The biggest barrier I encounter is not resistance to change, lack of ambition, or even technology maturity. It is data quality. AI solutions are entirely dependent on reliable, structured and consistent data. Yet in many retail organizations, core operational data—especially around inventory—is inconsistent, delayed, or simply incorrect.
In my dialogues with companies in the grocery segment, particularly around store operations, this challenge becomes very tangible. Grocery is high-frequency, low-margin, operationally complex, and extremely sensitive to inventory accuracy. There are many sources of error: mis-scans, theft, manual overrides, and other operational deviations. Each may seem small individually, but cumulatively they add up, making reliable AI predictions very difficult.
Typical challenges include:
Retailers often want to move directly into AI-driven forecasting, replenishment optimization, dynamic pricing or personalized recommendations. But even if inventory accuracy is 97-98%, on a turnover of billions, the remaining 2-3% of errors is still significant—the AI is being trained on noise. You cannot automate what you cannot trust. AI amplifies the quality of your data, both good and bad.
Interestingly, in forecasting discussions today, the question is no longer only about improving forecast accuracy. It is increasingly about understanding the confidence level in the forecast. Decision-makers want to know: How much can we rely on this prediction? Sometimes, this confidence is less about exact precision and more about ensuring the store does not run out of stock—acting as a kind of operational insurance. Confidence intervals, explainability, and understanding these operational contingencies are becoming as important as the forecast number itself. Without trusted operational data, both accuracy and confidence suffer.

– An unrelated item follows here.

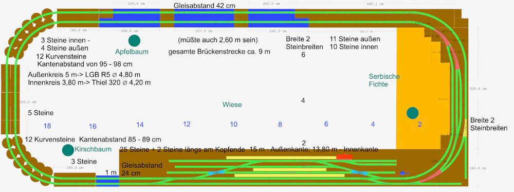 Der ursprüngliche Plan sah nur ein Aufständern der vorhandenen Anlage vor. Allerdings nach einigem Überlegen reifte dann die Idee, die Sache ganz anders anzugehen: Sollte die Anlage neu gebaut wird, dann richtig. Also stellt man dann einige Vorgaben auf, die für andere letztlich geradezu ein Traum darstellen würden. Sie sahen demzufolge wiefolgt aus: Kein Radius unter 2 m, kein Auslenkungswinkel über 15 Grad und lange Geraden, die auch lange Bahnhofsgleise mit passenden Zügen zulassen. Nach einigen Versuchen kristallisierte sich diese Lösung heraus:

In summary, while AI offers immense potential for retailers, the consensus among experts is that successful adoption hinges on overcoming foundational structural and organizational hurdles.
Technical barriers are often secondary to issues such as fragmented data quality, undefined objectives, and the need to unlearn legacy workflows.
By prioritizing robust data governance, aligning cross-functional teams on clear KPIs, and managing cost and security risks, retailers can transform AI from an experimental initiative into a trusted engine of value generation.